Error Analysis of Sampling Algorithms for Approximating Stochastic Optimal Control
Anant A. Joshi, Amirhossein Taghvaei, Prashant G. Mehta
TL;DR
This paper analyzes the one-step error of two sampling-based approaches for stochastic optimal control—Model Predictive Path Integral (MPPI) and an ensemble Kalman filter–inspired Interacting Particle System (IPS)—through a Gibbs variational lens. For a simple single-stage problem with quadratic costs, it derives closed-form expressions for the approximation error as a function of dimension $d$ and sample size $N$, and shows MPPI suffers from an exponential-in-dimension growth in error whereas IPS scales only linearly with $d$. The results are supported by numerical simulations that confirm the theoretical scaling, highlighting a significant dimension-dependent trade-off between MPPI and IPS. The Gibbs framework also clarifies the connections to filtering and duality with posterior inference, providing a unified view of how control laws can be approximated via sampling.
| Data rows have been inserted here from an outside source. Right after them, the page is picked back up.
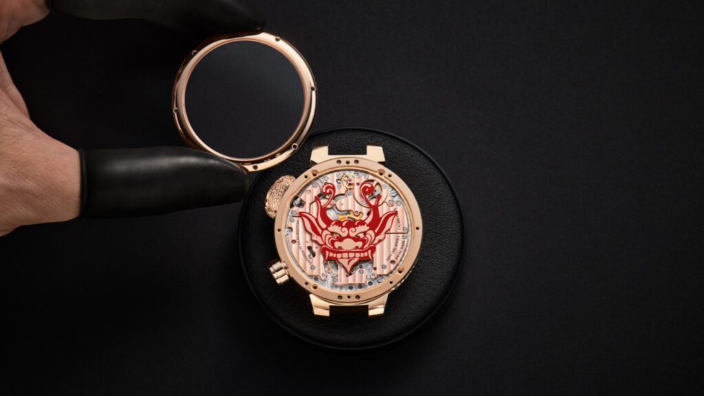 Cinq animations s’épanouissent en seize secondes hypnotiques, activées à la demande, révélant un samouraï au visage changeant, animé par le calibre mécanique LV 525. La précision technique est ici mise au service d’un imaginaire visuel puissant : katana marqueur de minutes rétrogrades, heure sautante révélée par un yokai glissant, transformation expressive du masque, jusqu’à l’apparition du mot « Bushido » en idéogrammes rouges dans une bouche animée aux dents de nacre.
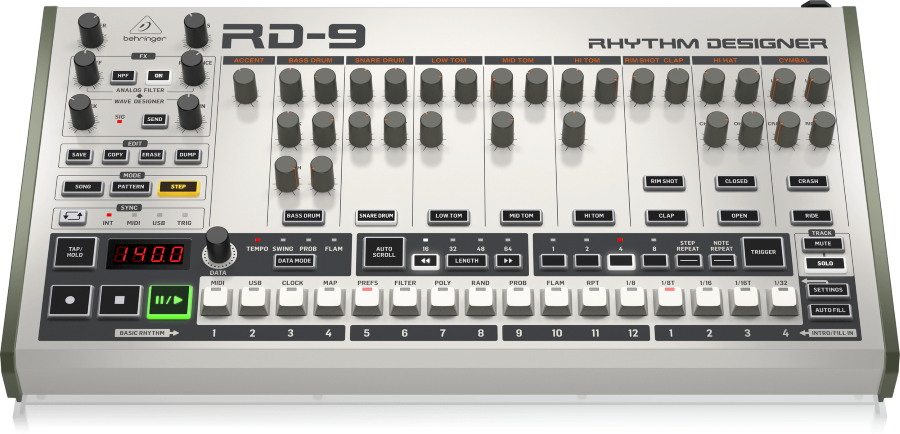 Klasyczna, analogowo-cyfrowa maszyna perkusyjna z 11 brzmieniami perkusyjnymi, 64-krokowym sekwencerem, Wave Designer i filtrem Dual-Mode.
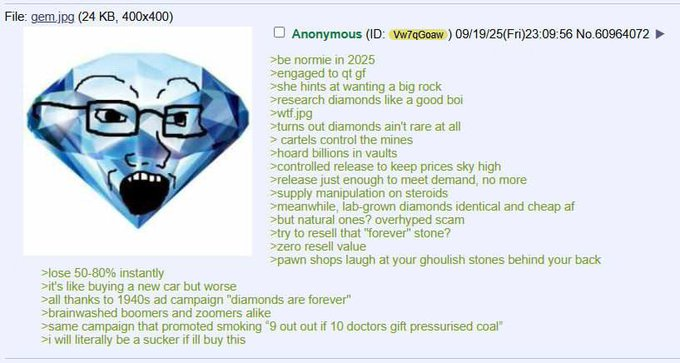 arrow-up1174arrow-down1imageAnon shops for diamondssh.itjust.works🍹Early to RISA 🧉@sh.itjust.worksM to Greentext@sh.itjust.works · 6 hours agomessage-square32fedilink
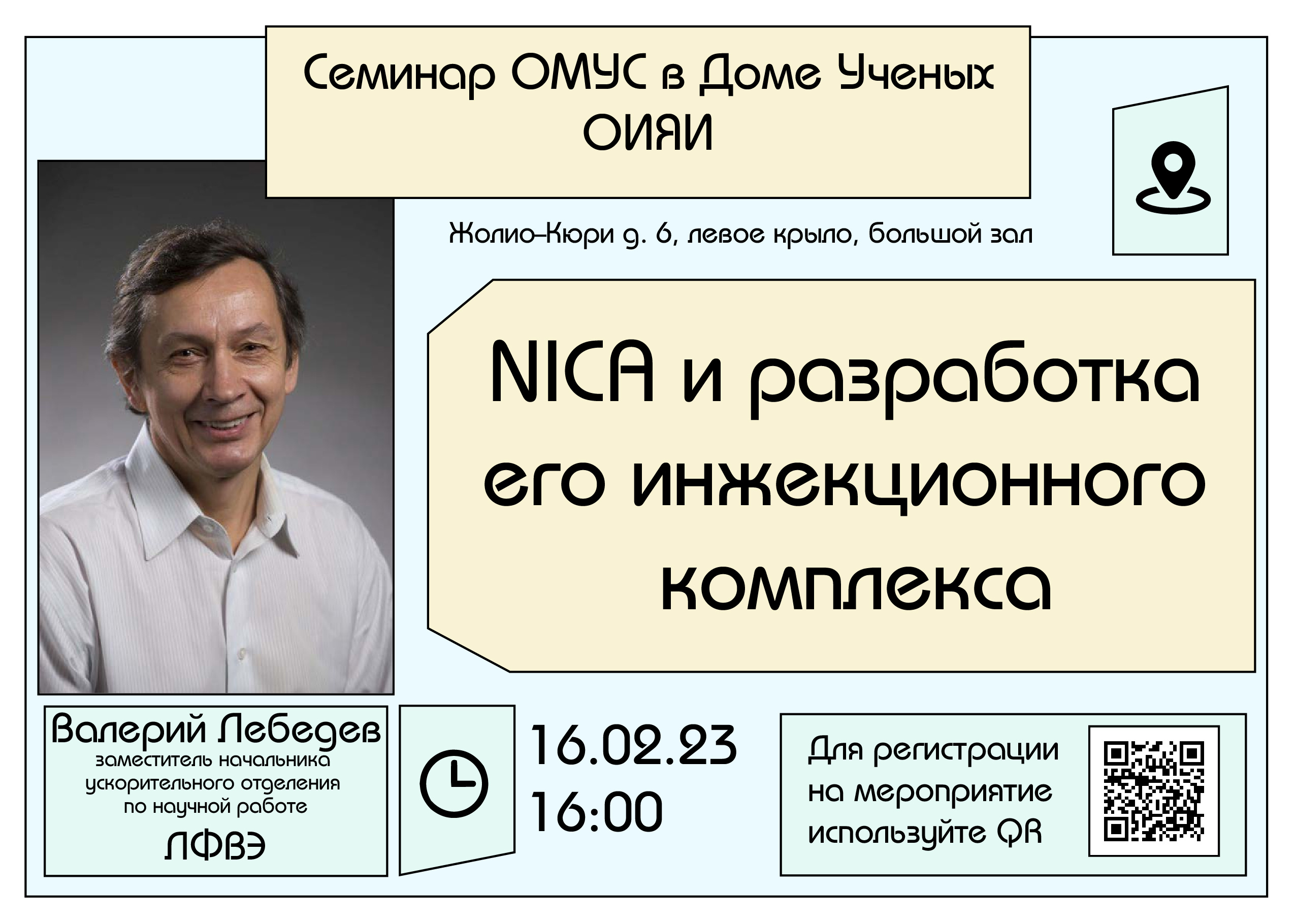 Валерий Лебедев (заместитель начальника ускорительного отделения по научной работе ЛФВЭ ) выступит с докладом «NICA и разработка его инжекционного комплекса».
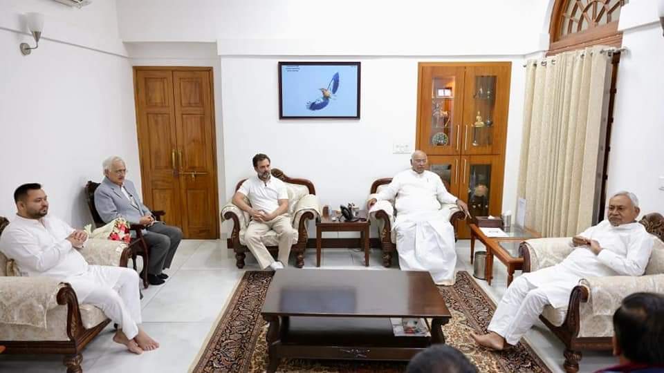 विपक्ष की एकजुटता: खड़गे और राहुल से मिले बिहार के सीएम नीतीश व डिप्टी सीएम तेजस्वी
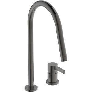 Ideal Standard Gusto Miscelatore Monocomando per Lavello da Cucina a Due Fori, Bocca Alta Orientabile, Aeratore in Silicone Autopulente, Colore Magnetic Grey
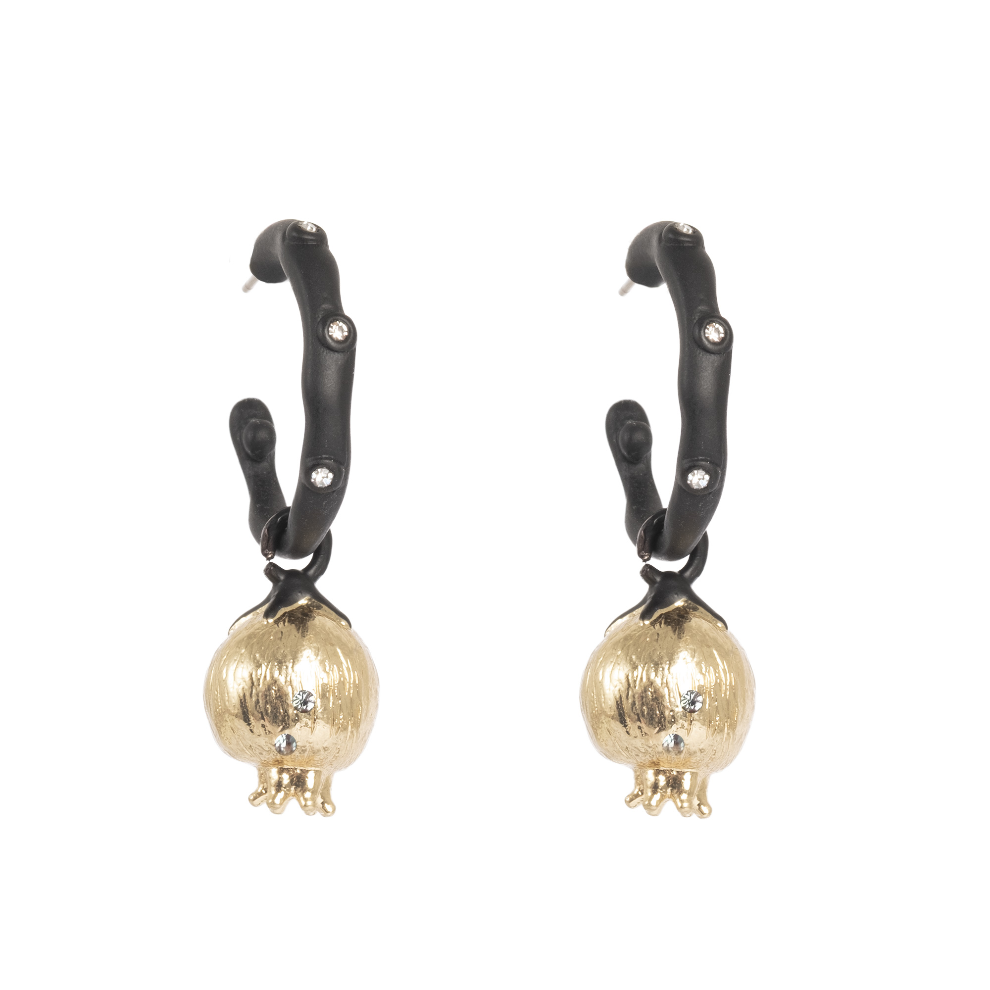 Prachtig ontworpen hoops met daaraan rozenbottels. Zowel de hoops als de rozenbottels zijn belegd met kleine kristalsteentjes. Goldplated.
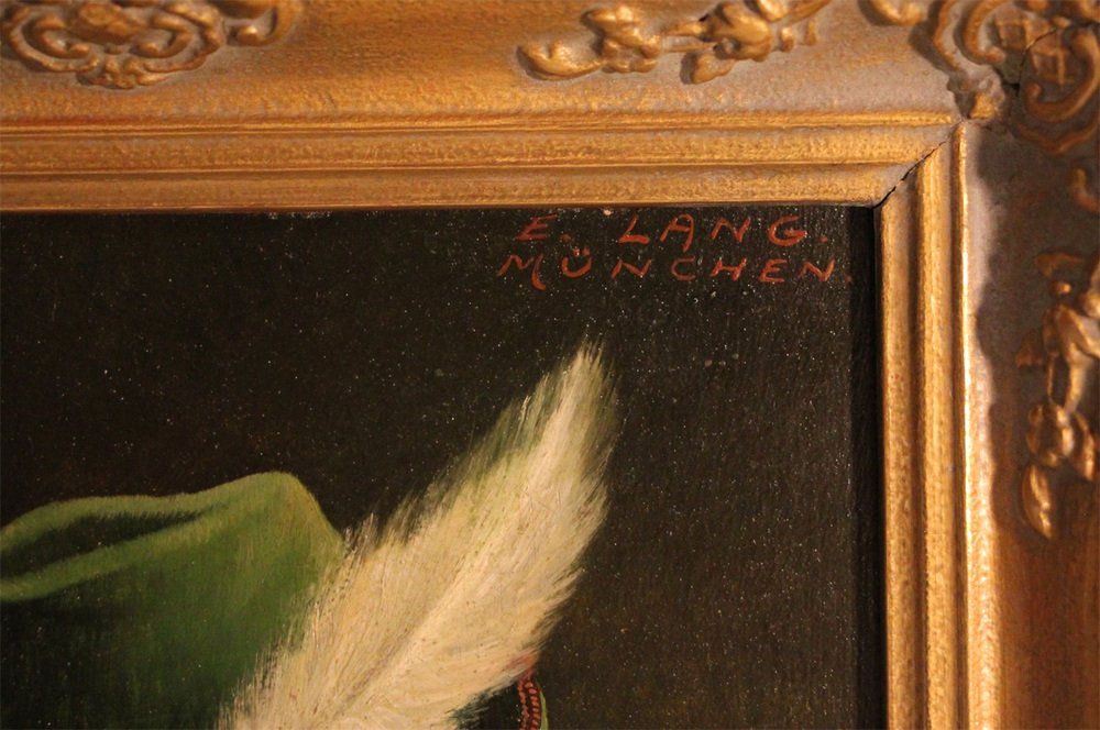 Dipinto a olio su tavola originale della metà del XX secolo dell'artista tedesco Ernst Lang. Con i suoi distinti occhiali con montatura a filo, il cappello ornato di piume e i baffi rigogliosi, completati da una pipa tra le labbra, l'uomo ha un grande carattere e fascino. Il dipinto è caratterizzato da una tavolozza di colori vivaci, dove le tonalità brillanti sono abilmente temperate da toni tenui. L'opera è firmata con indicazione del luogo: "E. Lang, München". In buone condizioni d'epoca e presentato in una cornice barocca dorata - in buone condizioni d'epoca, strutturalmente solido con segni di leggerissima usura estetica.
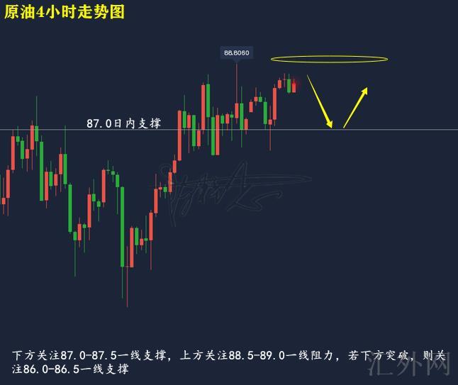 原油技术分析来分析,日K线上,星期一原油白盘展开下挫,并在低至MA10日移动均线后展开回涨,报得带下影线的中阳,日K线上,今日行情持续上升,恐会持续回调依托MA5-10日移动均线上涨;4小时上,星期一原油在经历下挫至下缘位置后走震荡上涨行情展开上升,目前布林带处在开口期,MA均线三线向前,KDJ随机指标三线往上,到达超买,MACD指标红色量能柱显现,快慢线平行向前,综合来说,原油即使当前日K线支撑维持不错,但均线面面对超买,日间交易参考高空低多,上方注意88.5-89.0一线压力,以下注意87.0-87.5一线支撑,若以下显现击穿则在依托86.0-86.5左右买涨。
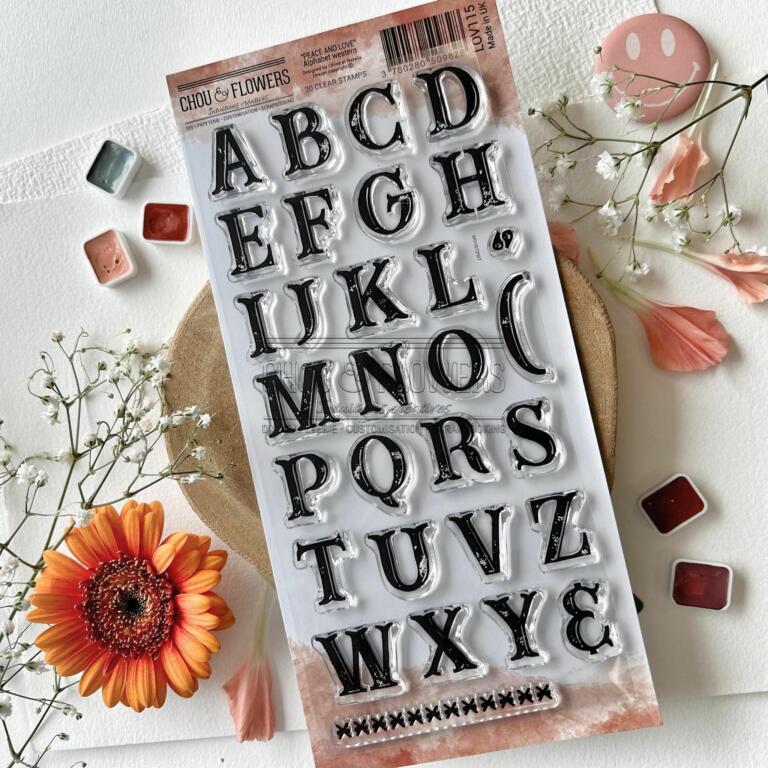 Tampon CLEAR - ALPHABET WESTERN - Collection PEACE AND LOVE - Chou Flowers
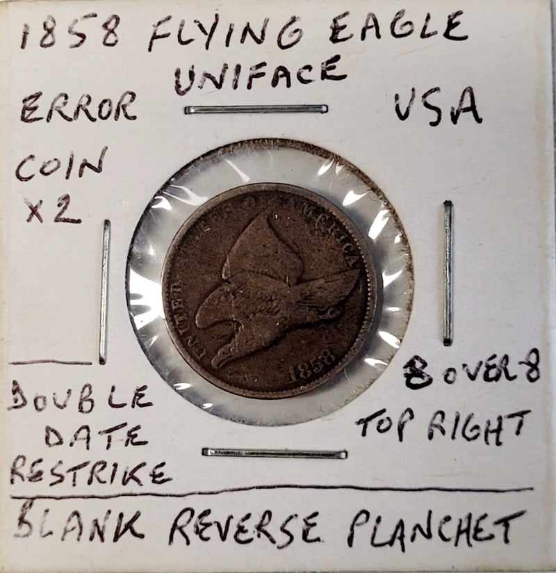 1858 FLYING EAGLES PENNY " UNIFACE " ERROR COIN - USANumbed " 5 " List Of 25 Most Valuable Us Penny'S Cv Up To Us $10,000 ( Without Error )488274+22
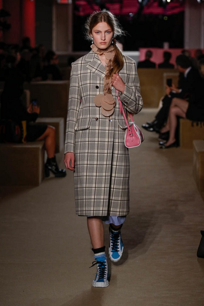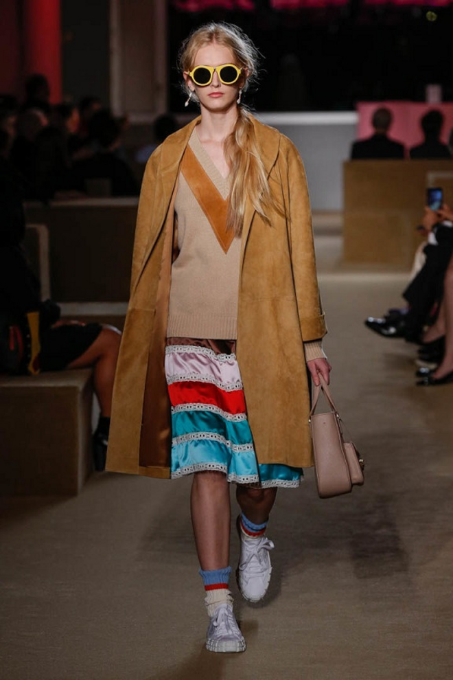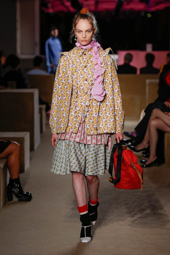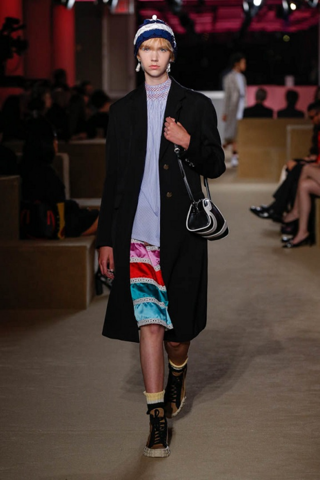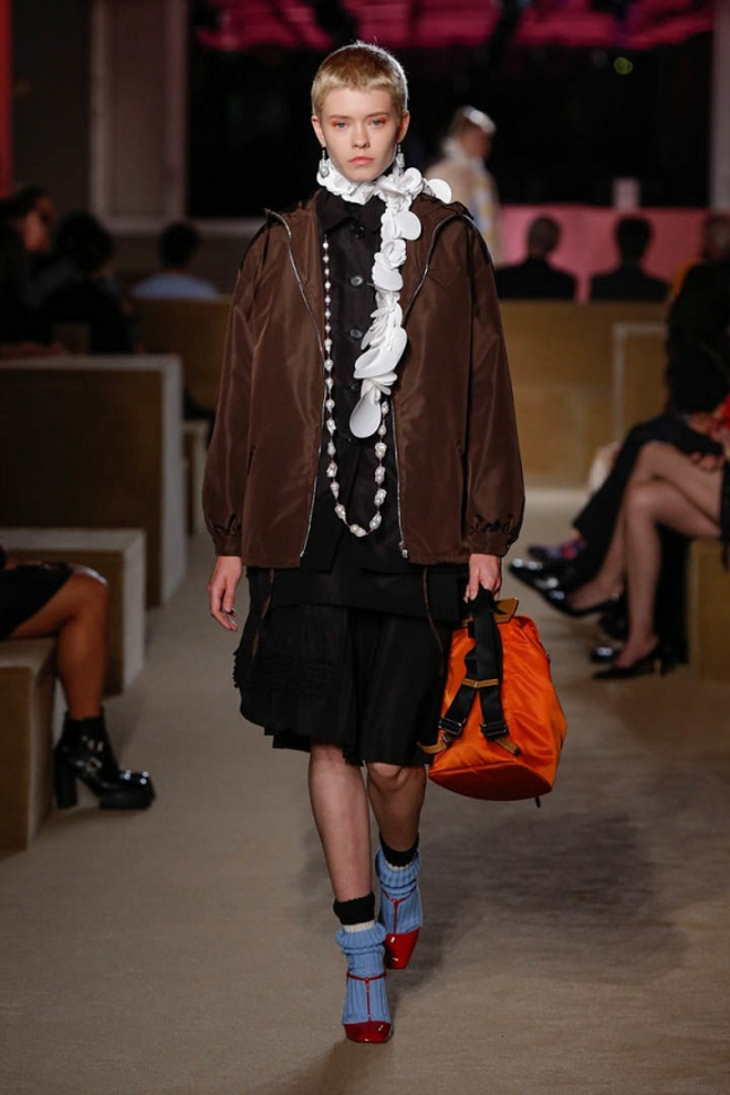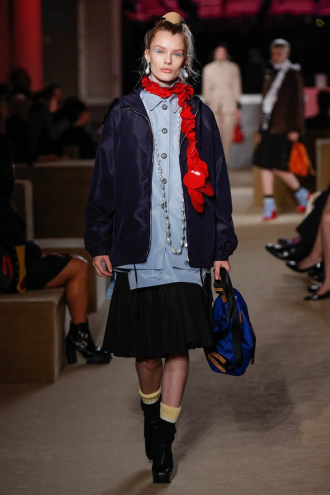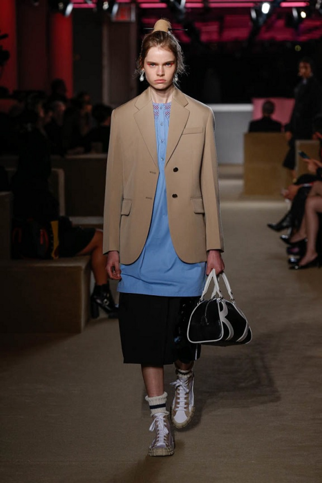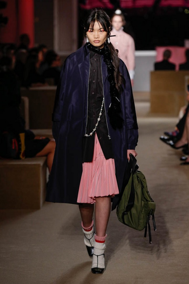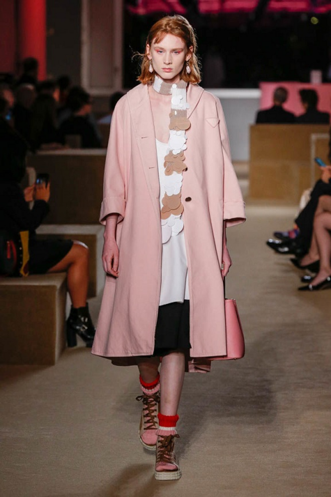 Um desfile que quis ser o oposto do pretensioso, como explicou Miuccia Prada ao site da Vogue norte-americana, e onde vimos casacos compridos, blazers longos e direitos, t-shirts simples ou com riscas, peças de malha grossa que contrastaram com cortes direitos, peças compridas e coloridas. Um espectáculo onde sobressaiu a cor, alternando-se entre o pastel e os tons mais sóbrios e os longos e multicoloridos cachecóis. Desfilou ainda a reinvenção da mala Bowling, um êxito da marca italiana do início dos anos 2000.
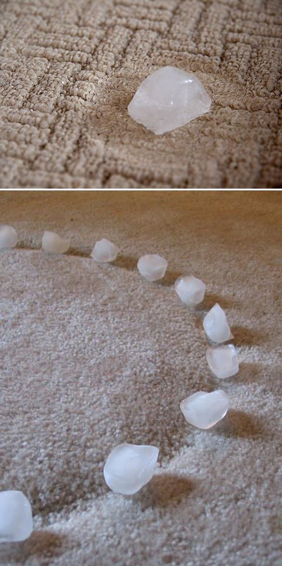 If you want to get rid of the smushed-down carpet look after moving furniture, all you need is some ice cubes. Place the ice cubes in the carpet dent and wait for them to melt. Sop up most of the water with a dishtowel and your carpet should be back to its un-smushed state!Better yet – grab these carpet savers keep your furniture from making dents in the first place.
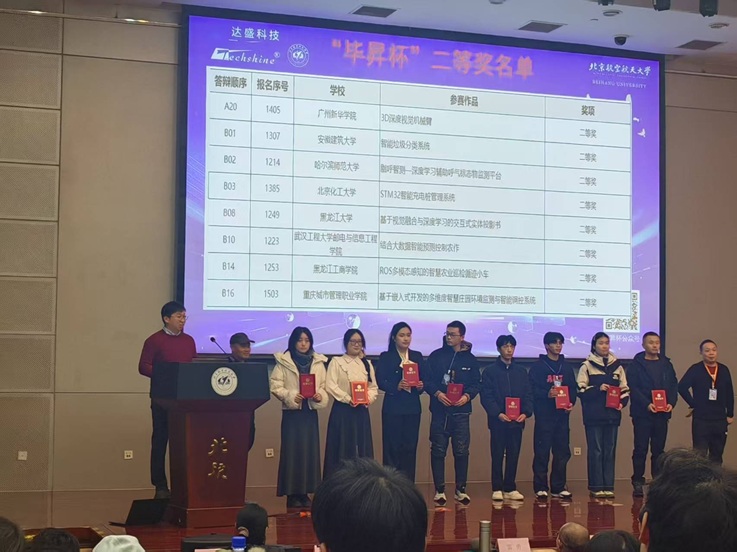本网讯 近日, 第十五届“毕昇杯”全国大学生电子设计新技术应用创新竞赛总决赛在北京航空航天大学圆满落幕。来自全国25个省份,150余所高校的近600余支队伍经过激烈的初赛选拔,最终125个团队成功晋级总决赛。经过激烈角逐,由电子与信息工程学院徐荃和颜普两位老师指导的陈红年、刘彪、李金洋和吴杨妙姝同学荣获全国二等奖。

Overall, the work offers concrete guidance on method choice and scaling behavior for high-dimensional stochastic control tasks.
Abstract
This paper is concerned with the error analysis of two types of sampling algorithms, namely model predictive path integral (MPPI) and an interacting particle system (\IPS) algorithm, that have been proposed in the literature for numerical approximation of the stochastic optimal control. The analysis is presented through the lens of Gibbs variational principle. For an illustrative example of a single-stage stochastic optimal control problem, analytical expressions for approximation error and scaling laws, with respect to the state dimension and sample size, are derived. The analytical results are illustrated with numerical simulations.